→ **Material for the task**:
———
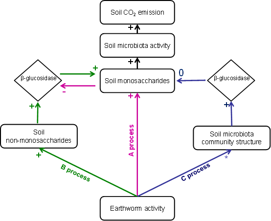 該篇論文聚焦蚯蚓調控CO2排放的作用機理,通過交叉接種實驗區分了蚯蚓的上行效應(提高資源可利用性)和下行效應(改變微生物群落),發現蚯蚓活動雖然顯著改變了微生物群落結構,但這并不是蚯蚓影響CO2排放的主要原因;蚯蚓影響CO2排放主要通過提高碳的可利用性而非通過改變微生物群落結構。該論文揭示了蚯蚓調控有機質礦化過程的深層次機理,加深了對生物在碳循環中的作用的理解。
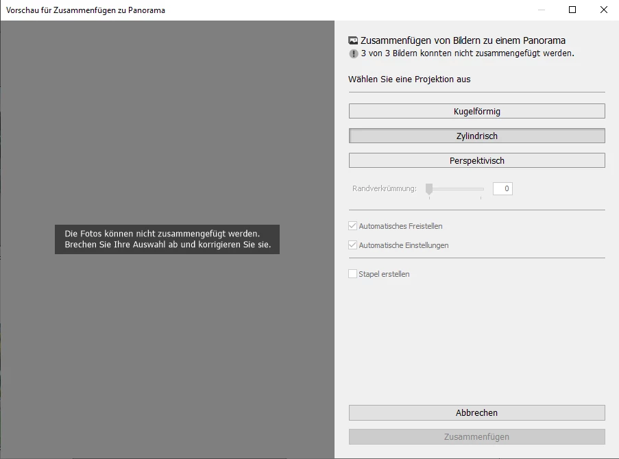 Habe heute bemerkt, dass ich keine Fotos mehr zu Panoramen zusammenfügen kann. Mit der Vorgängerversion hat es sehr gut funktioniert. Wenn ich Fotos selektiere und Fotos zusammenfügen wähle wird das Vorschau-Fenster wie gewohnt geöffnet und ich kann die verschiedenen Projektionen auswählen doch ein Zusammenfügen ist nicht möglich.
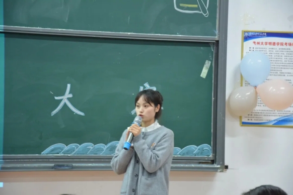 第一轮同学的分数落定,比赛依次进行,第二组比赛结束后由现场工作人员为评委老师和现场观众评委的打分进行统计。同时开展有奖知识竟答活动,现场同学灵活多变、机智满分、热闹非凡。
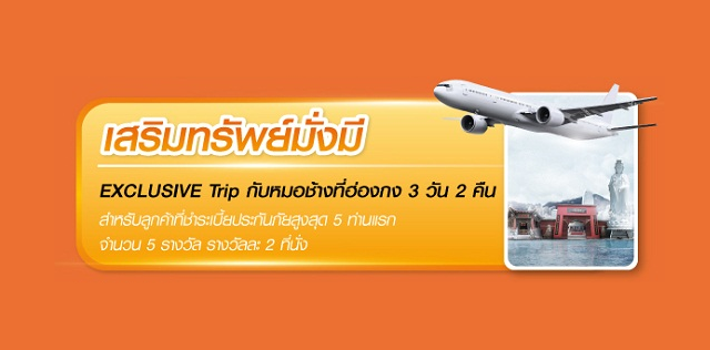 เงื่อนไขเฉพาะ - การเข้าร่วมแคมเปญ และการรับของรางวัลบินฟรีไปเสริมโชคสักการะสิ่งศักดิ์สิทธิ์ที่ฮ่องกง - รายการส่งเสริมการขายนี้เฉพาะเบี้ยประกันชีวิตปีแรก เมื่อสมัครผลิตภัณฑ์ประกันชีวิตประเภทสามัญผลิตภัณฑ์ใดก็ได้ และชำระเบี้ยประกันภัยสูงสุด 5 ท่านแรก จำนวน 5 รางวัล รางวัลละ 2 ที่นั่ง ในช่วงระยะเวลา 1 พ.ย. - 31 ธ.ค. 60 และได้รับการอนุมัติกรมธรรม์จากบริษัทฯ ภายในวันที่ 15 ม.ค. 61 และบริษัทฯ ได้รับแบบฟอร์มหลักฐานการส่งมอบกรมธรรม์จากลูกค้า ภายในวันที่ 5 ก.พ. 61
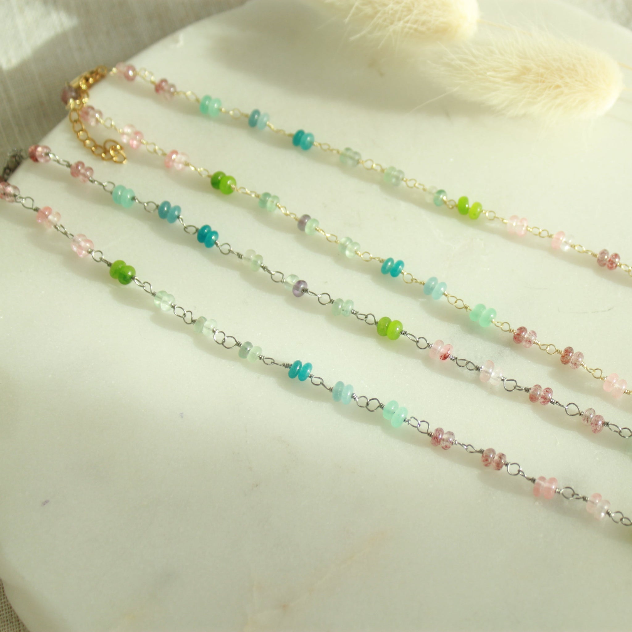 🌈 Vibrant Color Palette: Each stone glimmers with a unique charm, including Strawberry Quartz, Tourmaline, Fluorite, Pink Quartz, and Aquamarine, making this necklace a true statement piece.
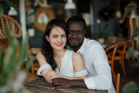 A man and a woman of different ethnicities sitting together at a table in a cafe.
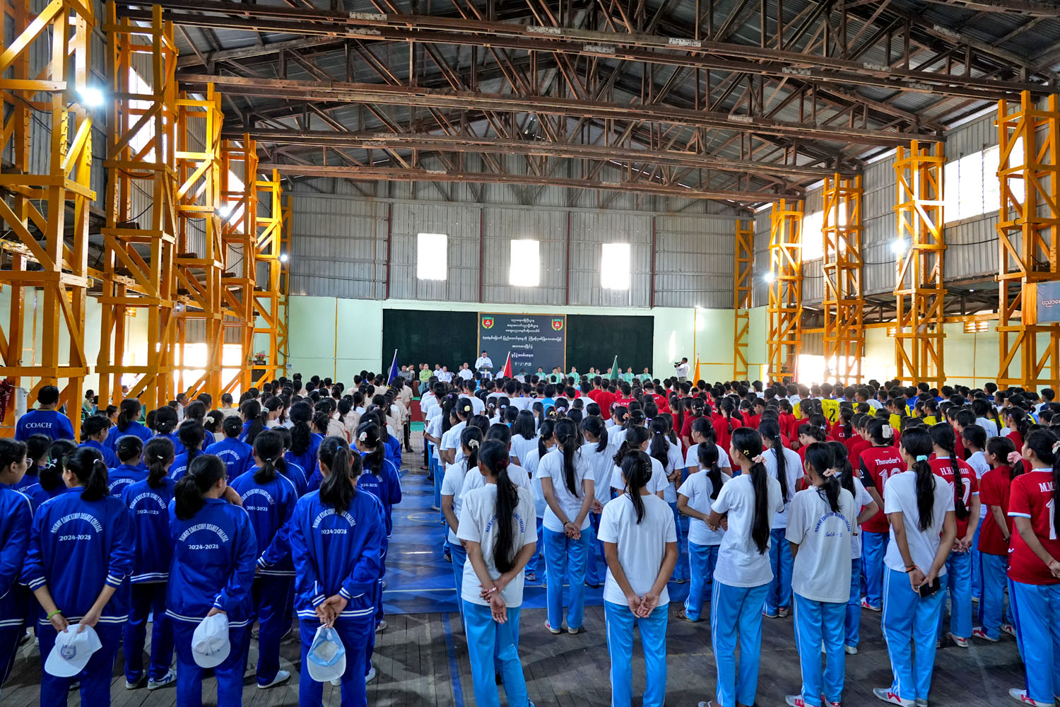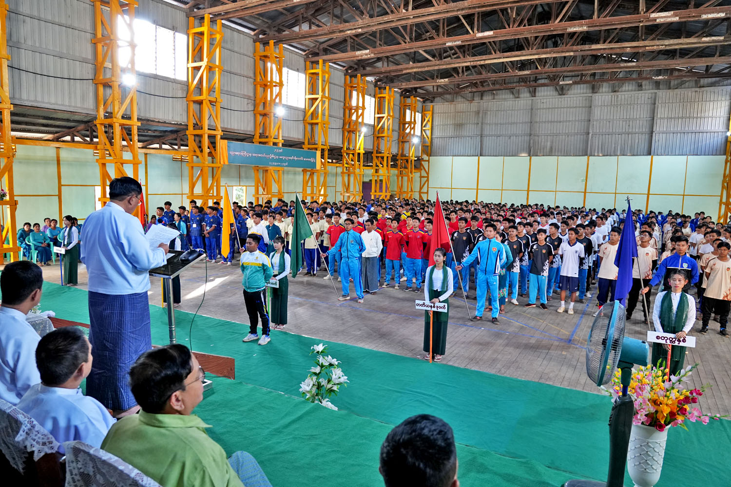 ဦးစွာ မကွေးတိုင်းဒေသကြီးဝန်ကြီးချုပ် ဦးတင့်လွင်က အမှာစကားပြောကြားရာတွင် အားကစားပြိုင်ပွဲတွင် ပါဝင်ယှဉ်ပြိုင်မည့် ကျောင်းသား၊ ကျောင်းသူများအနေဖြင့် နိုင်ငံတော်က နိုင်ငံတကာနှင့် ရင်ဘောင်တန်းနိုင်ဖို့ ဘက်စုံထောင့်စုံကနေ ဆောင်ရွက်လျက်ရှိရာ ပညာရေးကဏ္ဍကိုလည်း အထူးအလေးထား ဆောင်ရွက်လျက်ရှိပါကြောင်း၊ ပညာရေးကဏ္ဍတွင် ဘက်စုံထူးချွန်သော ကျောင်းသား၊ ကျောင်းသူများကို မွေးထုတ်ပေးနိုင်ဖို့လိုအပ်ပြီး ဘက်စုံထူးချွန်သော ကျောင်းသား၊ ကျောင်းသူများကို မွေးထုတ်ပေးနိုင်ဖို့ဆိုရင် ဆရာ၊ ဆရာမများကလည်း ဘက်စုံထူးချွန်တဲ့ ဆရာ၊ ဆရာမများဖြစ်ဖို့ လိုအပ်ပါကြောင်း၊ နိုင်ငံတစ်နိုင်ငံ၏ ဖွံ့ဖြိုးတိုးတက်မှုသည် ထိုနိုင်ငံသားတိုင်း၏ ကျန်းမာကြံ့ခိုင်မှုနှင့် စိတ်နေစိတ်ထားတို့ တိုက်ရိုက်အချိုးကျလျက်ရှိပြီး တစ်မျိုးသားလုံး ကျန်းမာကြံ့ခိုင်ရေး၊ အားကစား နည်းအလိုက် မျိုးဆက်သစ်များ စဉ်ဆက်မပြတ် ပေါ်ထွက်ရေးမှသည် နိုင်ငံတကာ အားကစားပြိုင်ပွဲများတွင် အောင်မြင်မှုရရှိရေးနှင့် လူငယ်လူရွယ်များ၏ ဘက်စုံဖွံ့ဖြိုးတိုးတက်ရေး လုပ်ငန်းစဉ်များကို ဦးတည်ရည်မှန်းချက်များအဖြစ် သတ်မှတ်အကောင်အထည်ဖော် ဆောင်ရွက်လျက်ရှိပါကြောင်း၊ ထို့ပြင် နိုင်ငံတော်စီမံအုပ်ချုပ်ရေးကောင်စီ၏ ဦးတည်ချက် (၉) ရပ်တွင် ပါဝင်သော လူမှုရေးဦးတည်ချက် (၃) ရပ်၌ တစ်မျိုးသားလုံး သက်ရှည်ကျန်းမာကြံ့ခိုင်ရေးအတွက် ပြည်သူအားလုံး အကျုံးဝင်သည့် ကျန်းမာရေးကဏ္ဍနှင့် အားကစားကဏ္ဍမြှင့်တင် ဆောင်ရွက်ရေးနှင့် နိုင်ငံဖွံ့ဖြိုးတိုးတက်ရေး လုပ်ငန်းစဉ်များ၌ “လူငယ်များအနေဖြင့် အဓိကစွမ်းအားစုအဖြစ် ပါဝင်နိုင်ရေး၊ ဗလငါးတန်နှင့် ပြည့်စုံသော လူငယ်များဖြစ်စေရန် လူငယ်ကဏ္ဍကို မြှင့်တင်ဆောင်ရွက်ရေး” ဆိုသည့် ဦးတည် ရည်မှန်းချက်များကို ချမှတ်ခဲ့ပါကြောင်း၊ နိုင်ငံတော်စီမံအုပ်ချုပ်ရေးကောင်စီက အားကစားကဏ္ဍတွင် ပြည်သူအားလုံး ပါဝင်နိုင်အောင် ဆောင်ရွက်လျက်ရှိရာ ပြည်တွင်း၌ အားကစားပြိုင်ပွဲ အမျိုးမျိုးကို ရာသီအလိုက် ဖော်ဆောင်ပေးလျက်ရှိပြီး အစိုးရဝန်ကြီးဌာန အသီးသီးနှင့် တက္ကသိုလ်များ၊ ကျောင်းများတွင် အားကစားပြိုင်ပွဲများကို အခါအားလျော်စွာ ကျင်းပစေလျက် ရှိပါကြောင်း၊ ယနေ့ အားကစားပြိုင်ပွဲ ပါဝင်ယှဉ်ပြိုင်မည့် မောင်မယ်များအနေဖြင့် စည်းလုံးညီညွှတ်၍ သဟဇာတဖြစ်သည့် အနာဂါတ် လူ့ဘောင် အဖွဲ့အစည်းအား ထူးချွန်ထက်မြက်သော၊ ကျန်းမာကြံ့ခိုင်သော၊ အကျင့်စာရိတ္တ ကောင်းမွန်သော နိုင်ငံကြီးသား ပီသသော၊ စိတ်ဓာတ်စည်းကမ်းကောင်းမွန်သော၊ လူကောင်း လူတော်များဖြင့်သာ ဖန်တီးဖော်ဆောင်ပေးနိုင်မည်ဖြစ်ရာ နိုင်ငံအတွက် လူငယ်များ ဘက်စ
———
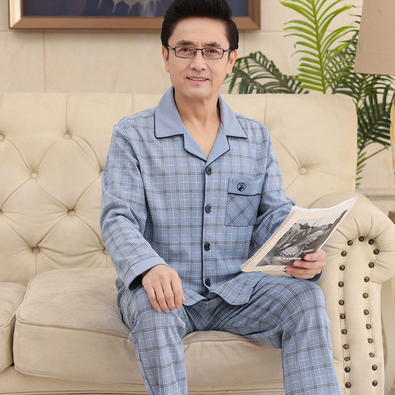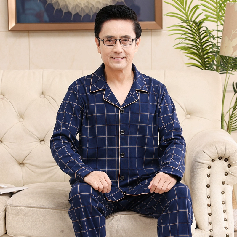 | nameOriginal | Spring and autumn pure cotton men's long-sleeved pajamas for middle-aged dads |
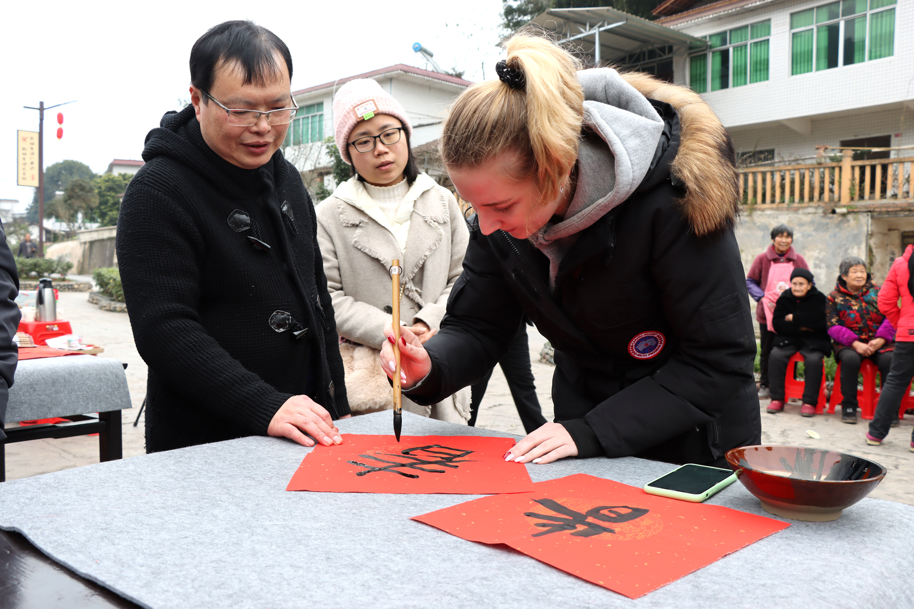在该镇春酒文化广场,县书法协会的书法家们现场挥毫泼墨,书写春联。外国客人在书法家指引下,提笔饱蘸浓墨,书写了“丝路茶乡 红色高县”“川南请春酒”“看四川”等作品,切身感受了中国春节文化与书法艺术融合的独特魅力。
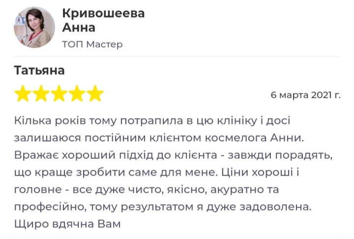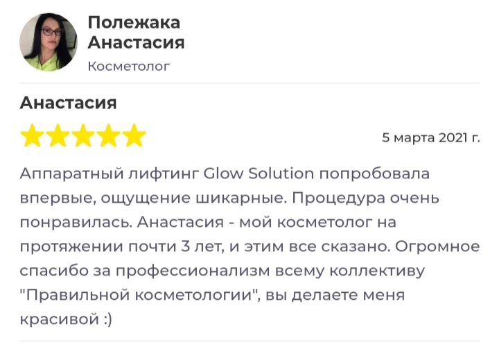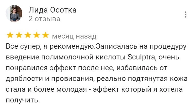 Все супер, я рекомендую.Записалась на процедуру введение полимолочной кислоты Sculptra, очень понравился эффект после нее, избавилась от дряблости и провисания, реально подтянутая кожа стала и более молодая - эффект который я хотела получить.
———
→ **Task requirements**: For this exercise, set down the lines in the entries above from the one with "Habe heute bemerkt, dass" through the one with "第一轮同学的分数落定,比赛依" exactly as written, without any pictures.

→ **Task answer**:
 Habe heute bemerkt, dass ich keine Fotos mehr zu Panoramen zusammenfügen kann. Mit der Vorgängerversion hat es sehr gut funktioniert. Wenn ich Fotos selektiere und Fotos zusammenfügen wähle wird das Vorschau-Fenster wie gewohnt geöffnet und ich kann die verschiedenen Projektionen auswählen doch ein Zusammenfügen ist nicht möglich.
 第一轮同学的分数落定,比赛依次进行,第二组比赛结束后由现场工作人员为评委老师和现场观众评委的打分进行统计。同时开展有奖知识竟答活动,现场同学灵活多变、机智满分、热闹非凡。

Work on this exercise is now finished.